_EXERCISE OBJECTIVE_
Going line by line through the records below, write out everything starting with the line containing "- All-Weather Durability: Chair" and going on through the line containing "kan følgerne være", exactly and inclusively. Pictures do not go in.

_THE INPUT_
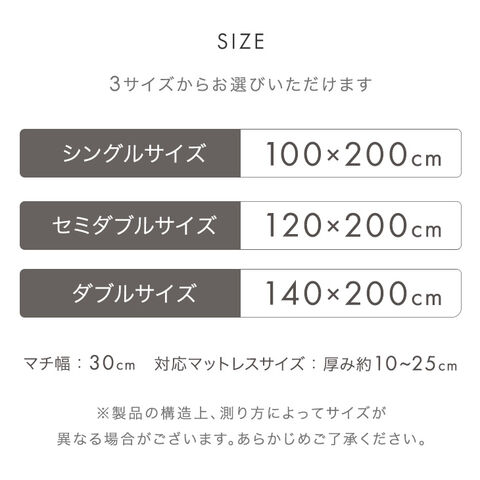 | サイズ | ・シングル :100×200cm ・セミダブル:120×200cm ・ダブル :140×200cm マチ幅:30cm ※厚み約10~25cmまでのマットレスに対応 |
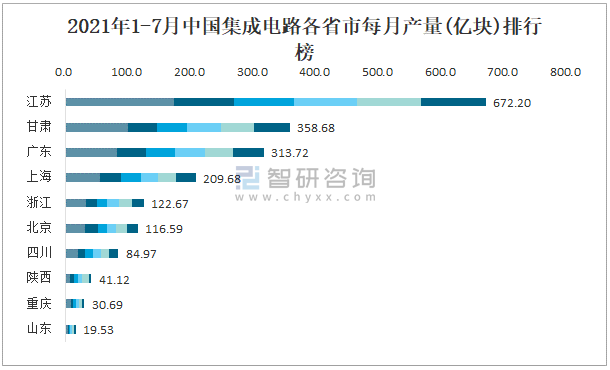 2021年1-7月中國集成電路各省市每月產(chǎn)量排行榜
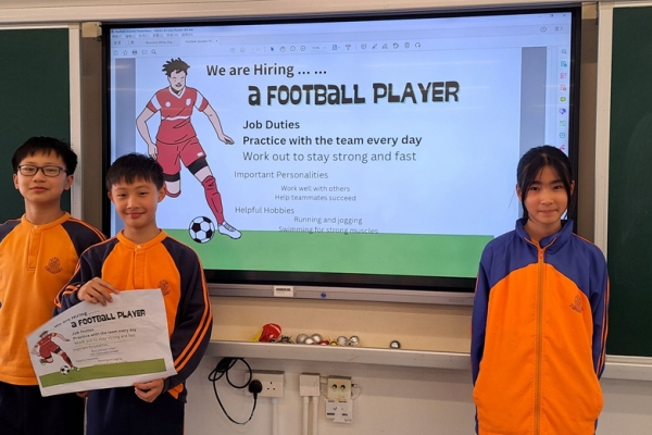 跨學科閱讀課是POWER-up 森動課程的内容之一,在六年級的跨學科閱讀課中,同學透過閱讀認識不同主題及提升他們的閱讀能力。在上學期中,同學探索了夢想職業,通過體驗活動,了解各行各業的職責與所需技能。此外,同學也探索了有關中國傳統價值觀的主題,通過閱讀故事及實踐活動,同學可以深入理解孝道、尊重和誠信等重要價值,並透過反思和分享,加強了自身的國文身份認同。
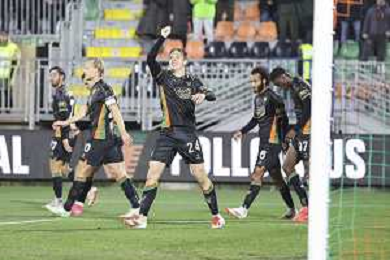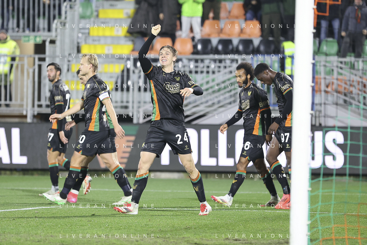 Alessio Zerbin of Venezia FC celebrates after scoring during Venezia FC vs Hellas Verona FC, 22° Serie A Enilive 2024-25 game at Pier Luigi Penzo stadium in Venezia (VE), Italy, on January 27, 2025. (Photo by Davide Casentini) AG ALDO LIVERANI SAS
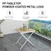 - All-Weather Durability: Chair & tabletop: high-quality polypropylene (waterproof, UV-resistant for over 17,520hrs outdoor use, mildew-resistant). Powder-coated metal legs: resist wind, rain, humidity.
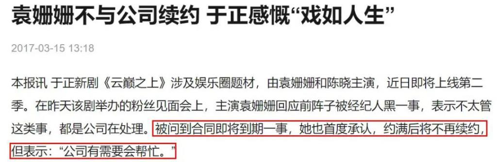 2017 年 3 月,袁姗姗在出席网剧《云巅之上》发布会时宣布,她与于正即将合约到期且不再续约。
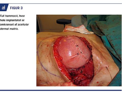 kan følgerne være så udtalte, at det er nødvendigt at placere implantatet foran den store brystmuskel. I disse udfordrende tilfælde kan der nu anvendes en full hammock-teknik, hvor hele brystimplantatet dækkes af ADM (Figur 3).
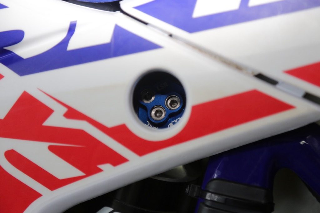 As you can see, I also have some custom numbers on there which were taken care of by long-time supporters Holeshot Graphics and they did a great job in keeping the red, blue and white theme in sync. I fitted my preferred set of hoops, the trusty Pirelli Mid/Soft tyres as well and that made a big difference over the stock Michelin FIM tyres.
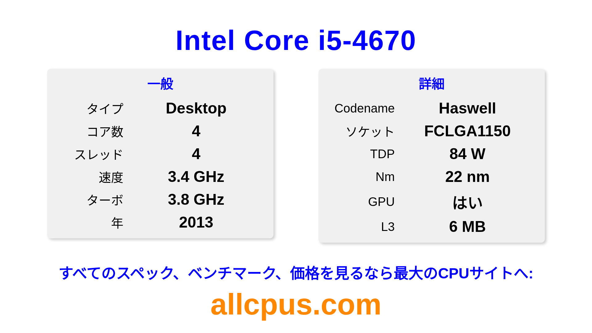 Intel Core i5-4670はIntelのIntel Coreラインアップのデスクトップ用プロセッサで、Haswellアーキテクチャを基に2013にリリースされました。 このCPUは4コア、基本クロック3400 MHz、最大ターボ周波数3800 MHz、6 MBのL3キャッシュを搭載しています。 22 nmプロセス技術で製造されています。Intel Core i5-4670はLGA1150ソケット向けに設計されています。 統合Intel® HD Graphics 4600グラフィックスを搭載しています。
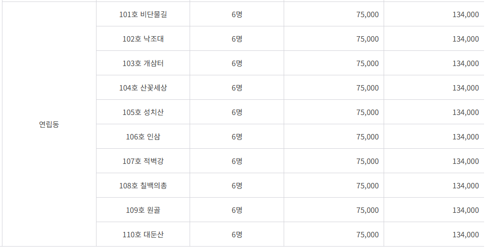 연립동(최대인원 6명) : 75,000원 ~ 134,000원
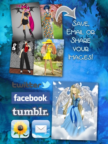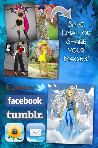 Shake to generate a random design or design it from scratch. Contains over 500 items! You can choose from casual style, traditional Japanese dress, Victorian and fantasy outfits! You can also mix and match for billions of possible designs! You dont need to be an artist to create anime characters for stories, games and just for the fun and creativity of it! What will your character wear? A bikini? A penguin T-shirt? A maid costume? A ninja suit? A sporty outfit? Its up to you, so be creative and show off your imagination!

_TASK OUTPUT_
 - All-Weather Durability: Chair & tabletop: high-quality polypropylene (waterproof, UV-resistant for over 17,520hrs outdoor use, mildew-resistant). Powder-coated metal legs: resist wind, rain, humidity.
 2017 年 3 月,袁姗姗在出席网剧《云巅之上》发布会时宣布,她与于正即将合约到期且不再续约。
 kan følgerne være så udtalte, at det er nødvendigt at placere implantatet foran den store brystmuskel. I disse udfordrende tilfælde kan der nu anvendes en full hammock-teknik, hvor hele brystimplantatet dækkes af ADM (Figur 3).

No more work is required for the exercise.